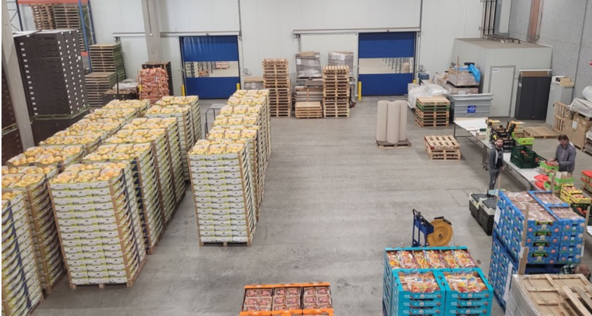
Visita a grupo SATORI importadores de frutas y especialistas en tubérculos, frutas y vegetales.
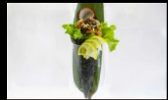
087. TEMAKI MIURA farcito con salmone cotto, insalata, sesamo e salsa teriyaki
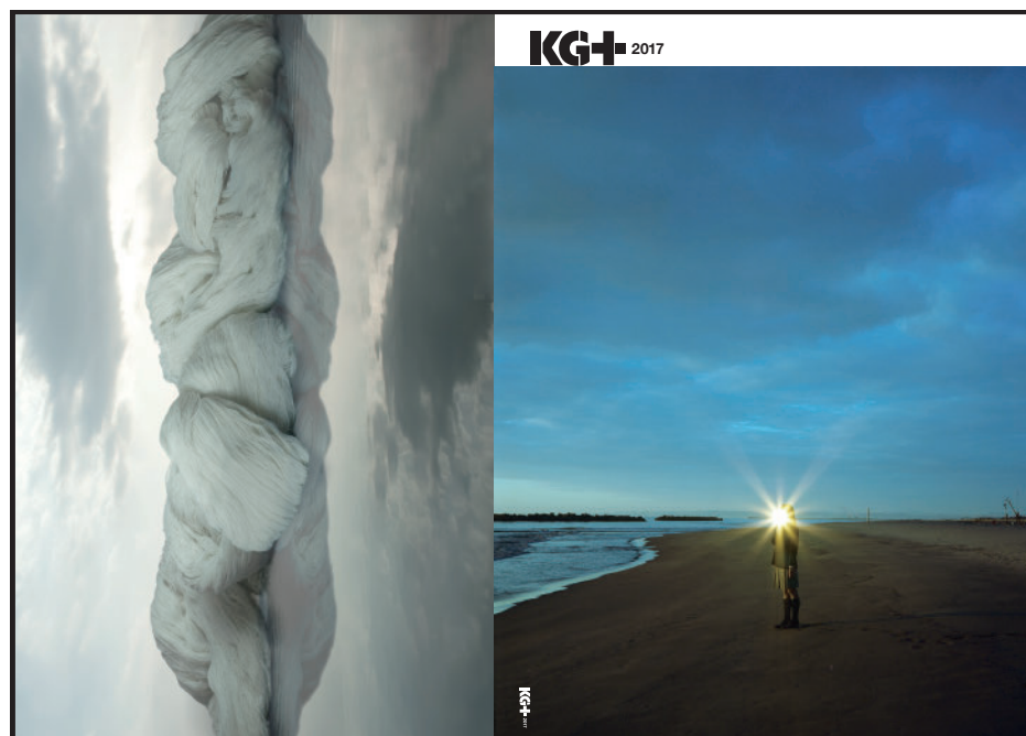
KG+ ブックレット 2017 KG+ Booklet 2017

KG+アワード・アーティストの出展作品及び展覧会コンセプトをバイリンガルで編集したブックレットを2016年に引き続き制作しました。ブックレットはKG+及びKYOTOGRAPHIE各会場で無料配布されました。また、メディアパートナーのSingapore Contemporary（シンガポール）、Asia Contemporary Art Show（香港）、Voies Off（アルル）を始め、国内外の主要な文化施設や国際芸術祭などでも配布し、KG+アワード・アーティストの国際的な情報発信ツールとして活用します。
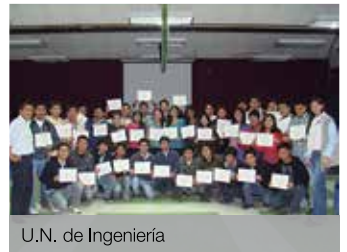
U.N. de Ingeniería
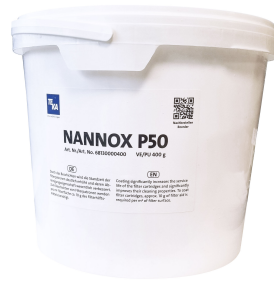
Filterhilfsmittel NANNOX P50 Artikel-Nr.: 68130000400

▬▬▬

EXERCISE INSTRUCTIONS:
Each line above from the one containing "087. TEMAKI MIURA" through the one containing "KG+ ブックレット 2017 KG+ Booklet 2017" is to be returned verbatim. Nothing else, and no pictures.

SOLUTION FOR THIS TASK:
087. TEMAKI MIURA farcito con salmone cotto, insalata, sesamo e salsa teriyaki
KG+ ブックレット 2017 KG+ Booklet 2017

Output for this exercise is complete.